[Opening Dataset content section]
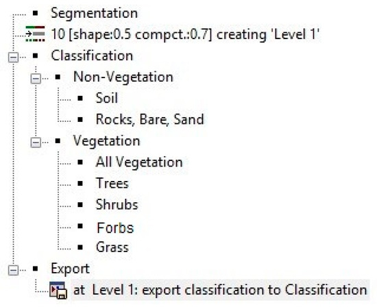 The process flow outlining the segmentation and classification scheme and rulesets is illustrated in Figure 3. Segmented objects were first classified based on the growth form (shrub, forb, grass, tree or other non-vegetation cover). Higher-spatial-resolution image datasets were further classified to distinguish shrub species for objects classified as shrub growth form type. After the classification process, the resultant maps were exported to ERDAS IMAGINE Image (.img) file format.
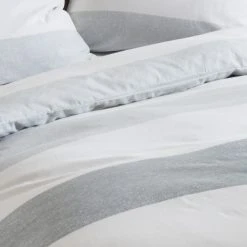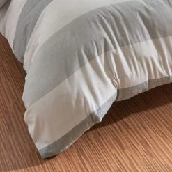 Diese Winterbettwäsche überzeugt mit einem Blockstreifenmuster in den Farben Weiss, Wollweiss, Grau.
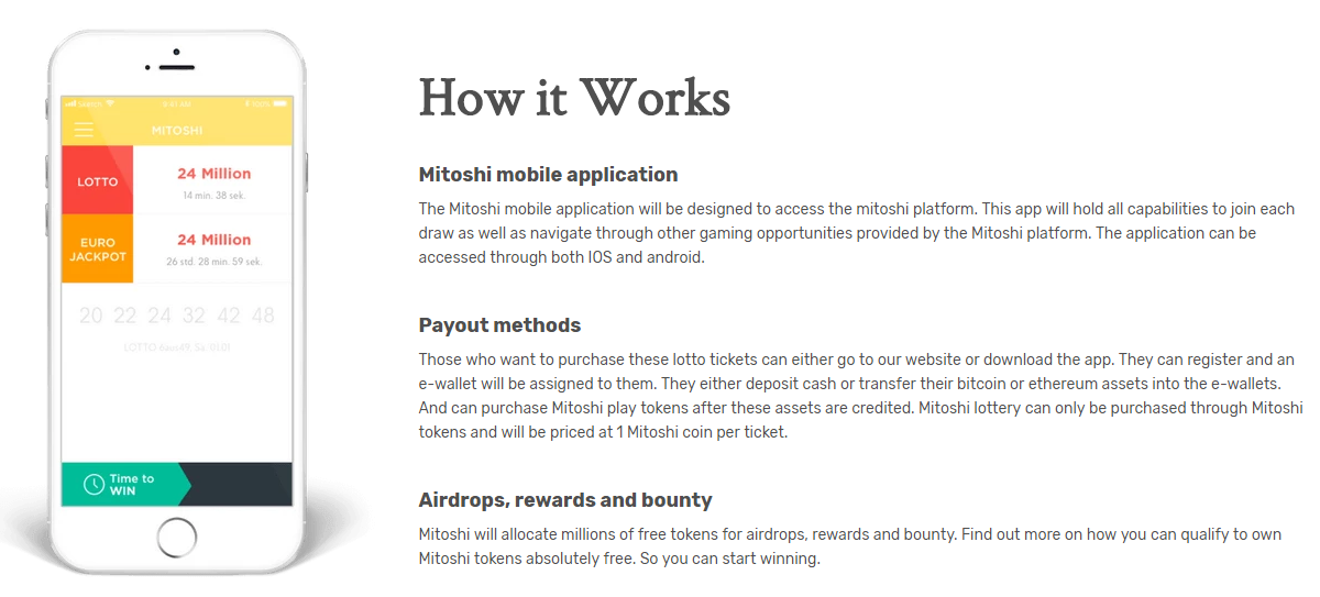 Mitoshi will have a large lottery line. Each lottery contains a large payment for the winners. Mitoshi CryptoLotto will have a global reach, allowing anyone from all over the world to participate with the tap of a finger.
[Closing Dataset content section]
**What is required:** Please set down the lines above word for word and leave out the pictures.

**Result for this exercise:**
 The process flow outlining the segmentation and classification scheme and rulesets is illustrated in Figure 3. Segmented objects were first classified based on the growth form (shrub, forb, grass, tree or other non-vegetation cover). Higher-spatial-resolution image datasets were further classified to distinguish shrub species for objects classified as shrub growth form type. After the classification process, the resultant maps were exported to ERDAS IMAGINE Image (.img) file format.
 Diese Winterbettwäsche überzeugt mit einem Blockstreifenmuster in den Farben Weiss, Wollweiss, Grau.
 Mitoshi will have a large lottery line. Each lottery contains a large payment for the winners. Mitoshi CryptoLotto will have a global reach, allowing anyone from all over the world to participate with the tap of a finger.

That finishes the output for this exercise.